Task to carry out: The whole listing, please: repeat it exactly, with the pictures left out.

Dataset extract:
[Start of Attachment]

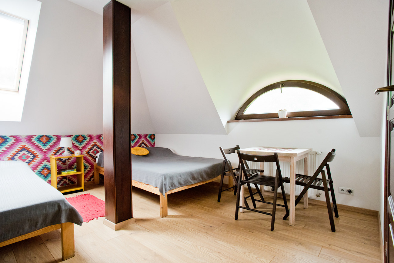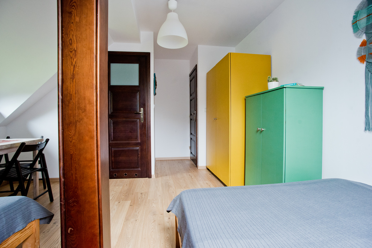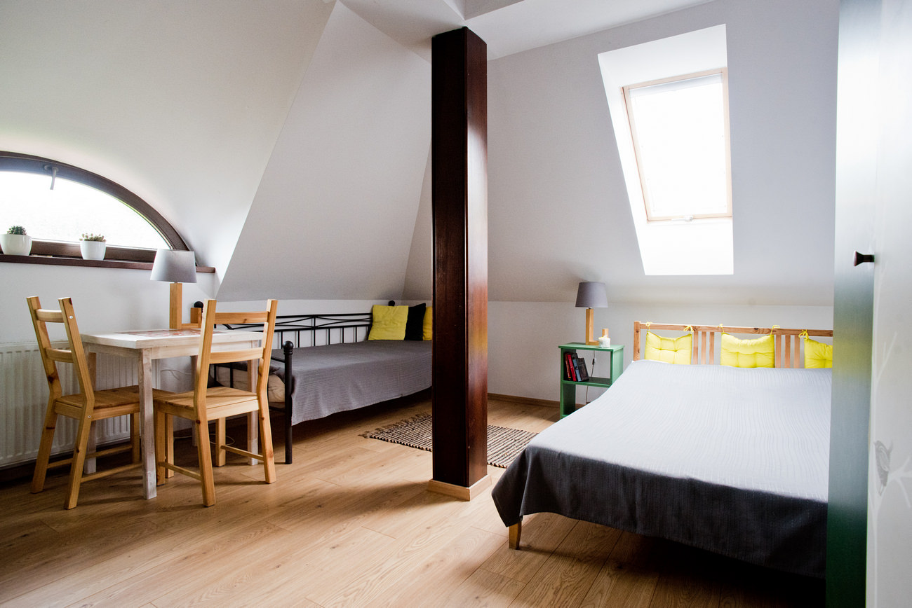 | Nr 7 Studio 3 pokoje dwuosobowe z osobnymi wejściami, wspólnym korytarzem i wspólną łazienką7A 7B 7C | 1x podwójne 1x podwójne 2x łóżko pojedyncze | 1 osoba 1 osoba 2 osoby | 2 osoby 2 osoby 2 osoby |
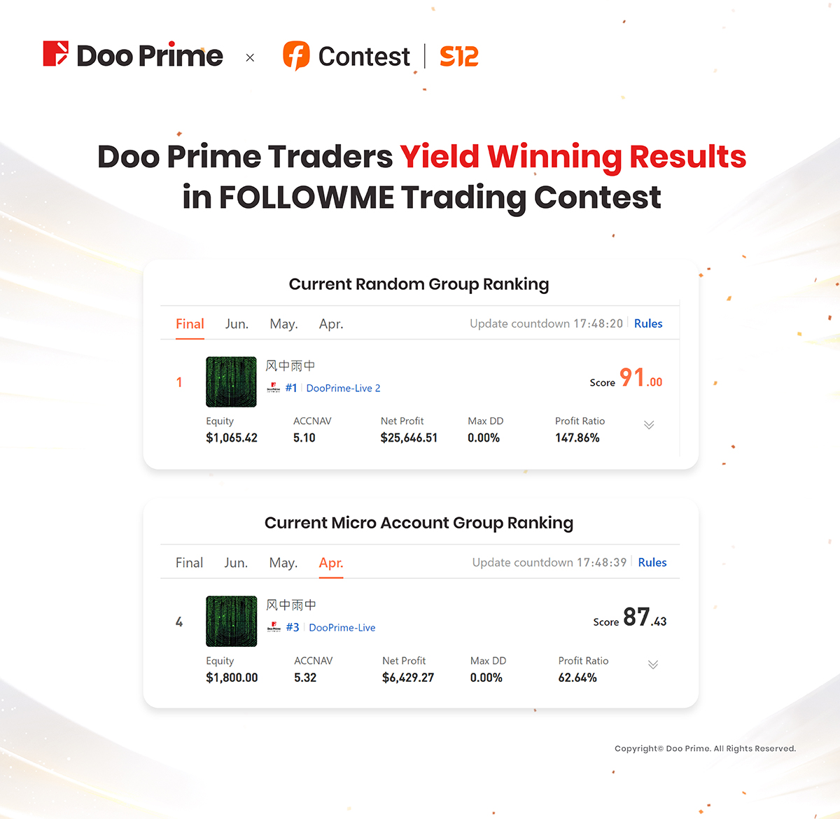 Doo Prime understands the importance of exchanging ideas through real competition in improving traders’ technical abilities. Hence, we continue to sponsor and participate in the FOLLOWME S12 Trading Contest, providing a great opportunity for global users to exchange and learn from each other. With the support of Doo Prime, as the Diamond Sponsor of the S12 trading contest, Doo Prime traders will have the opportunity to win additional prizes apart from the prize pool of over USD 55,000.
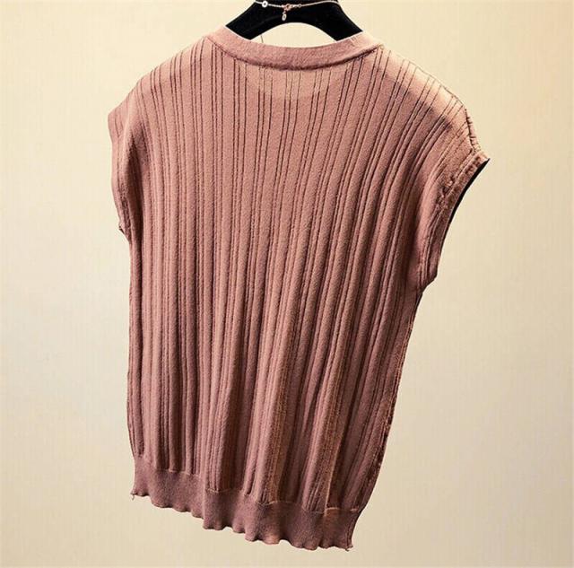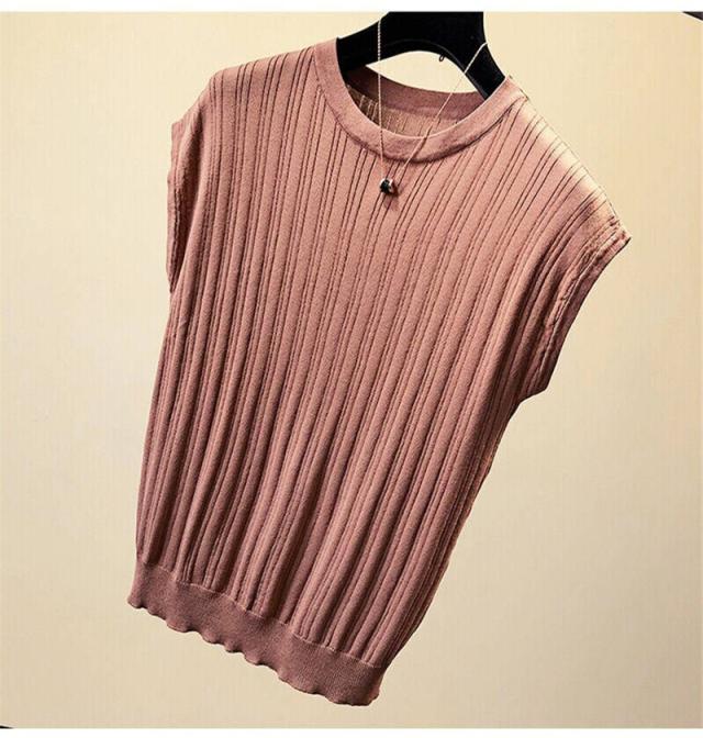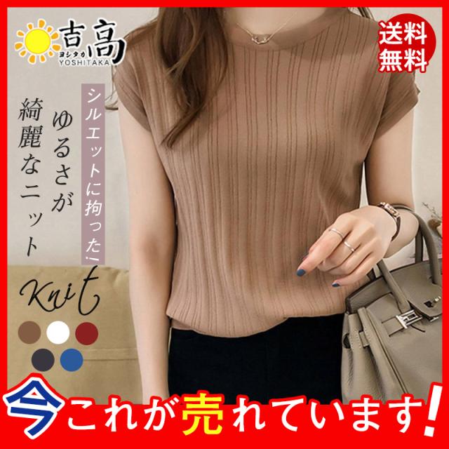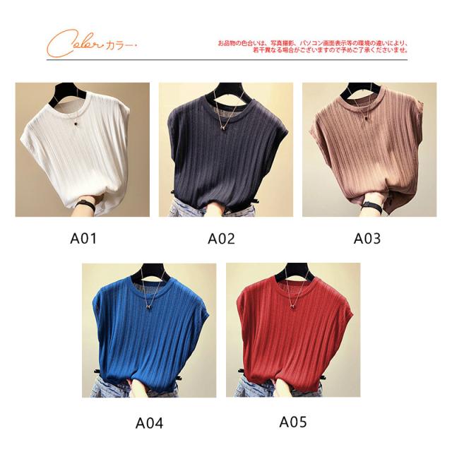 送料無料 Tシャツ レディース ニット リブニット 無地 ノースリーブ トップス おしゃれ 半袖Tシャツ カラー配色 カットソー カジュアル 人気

[End of Attachment]

Reply:
 | Nr 7 Studio 3 pokoje dwuosobowe z osobnymi wejściami, wspólnym korytarzem i wspólną łazienką7A 7B 7C | 1x podwójne 1x podwójne 2x łóżko pojedyncze | 1 osoba 1 osoba 2 osoby | 2 osoby 2 osoby 2 osoby |
 Doo Prime understands the importance of exchanging ideas through real competition in improving traders’ technical abilities. Hence, we continue to sponsor and participate in the FOLLOWME S12 Trading Contest, providing a great opportunity for global users to exchange and learn from each other. With the support of Doo Prime, as the Diamond Sponsor of the S12 trading contest, Doo Prime traders will have the opportunity to win additional prizes apart from the prize pool of over USD 55,000.
 送料無料 Tシャツ レディース ニット リブニット 無地 ノースリーブ トップス おしゃれ 半袖Tシャツ カラー配色 カットソー カジュアル 人気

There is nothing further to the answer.